Yes, this is the freedom of play.  Get together with some friends who have open minds and do fun things with sound.  You can grow your talents, share them and influence people.  Sound is happening all the time.  There is no need for music.  We may need people like John Cage to remind us of the constant of sound.  We may need Varese to teach us the music is “organized sound,” or Pauline Oliveros to teach us the depth of listening, “

INTERACTIVE SOUND

Sound is open source.  Here is a recipe…

Create your own digital audio instruments.
Download Pure Data
Pure Data is free/open source software for sound synthesis/sampling, as well as graphics and video.  PD is a powerful multimedia tool that can be used in performance, installation or to just create playful experiments. Here is a wonderful tutorial for PD from Floss Manuals.

HACKING, BENDING, MODDING, GLITCHING
Creativity is is a process of intent and accident.

Often a brief fault in a system produces something other than what it is supposed to.  These artifacts are then incorporated into another process, a process not of the original intent of the system’s producer.  This moment is often called a “glitch,” from the German verb “to slip.”  Such intentionally reproduced errors are used to create something new.  These faults, errors, hacks, noises, mods and glitches occur in both electronics, hardware and in software.  For example, circuit bending is the practice of short-circuiting DC circuits, often from toys or radios, in order to produce sound instruments for performance.  Some artists even explore circuit-bending hardware from retro game consoles in order to produce glitchy audio-visual instruments.  The practice is similar in software like games, where users spend time searching for glitches or programming bugs in the system in order to benefit game play or for creative purposes, such as creating glitchy images, sound art or machinima. 

The practice of incorporating these intentional errors into individual practice is a subversive form of personalized media.  Some gamers spend more time exploring how to deconstruct a system, than they do actually using it for the purpose it was created.  This can be a very practical form of hacking, where the goal is not only to infiltrate the system, to produce an environment, a tool or product for a particular purpose, but also for the experience, freedom and autonomy.  Glitches, hacks, mods, etc., relate to creativity in that they utilized accidents and intents that exploit anomalies in a system in order to benefit the user in a kind of pioneering act.  Such practices represents innovative work in a new frontier, one that splits off and fragments freeform methods of media making.

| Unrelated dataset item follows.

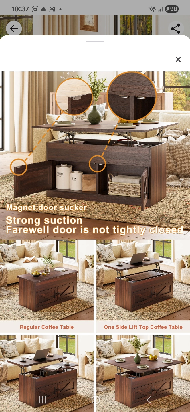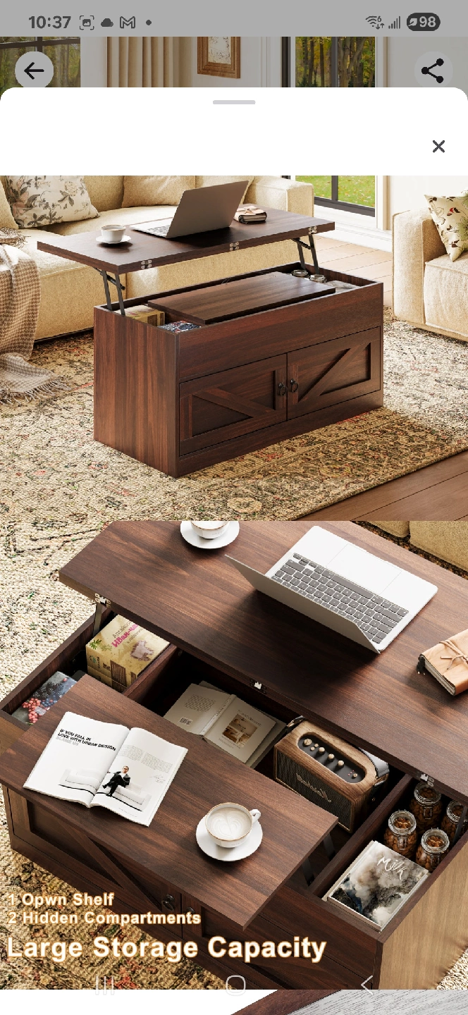 Wayfair Gracie Oaks lift-top coffee table includes hidden compartments and a storage space for keeping your belongings organized. Opens like a dining table. Has a dent as shown in the pictures but does not affect functionality. I have repacked the contents in the box. https://www.wayfair.ca/furniture/pdp/gracie-oaks-lift-top-farmhourse-coffee-table-with-storage-c112813028.html?piid=732501361 Pick up only at Wellesley and Ontario St

DIY Electronics are fun. Here is another recipe...
Create your own electronic instruments. Get a battery powered toy with a sample chip or a radio and short circuit it in order to make interesting sounds.  Start learning electronics and build your own synthesizer.

All About Circuits
Open Circuits

Circuit Bending

END NOTE

You can use your Box of Sounds, your sample library, bent instrument and/or your PD patches to perform your own live sound shows.  The audience can participate and interact in these environments.  You can upload content to the web and share it. 

Sound has always been art and it does not require much of you.  Think of all the things you can do with such freedom.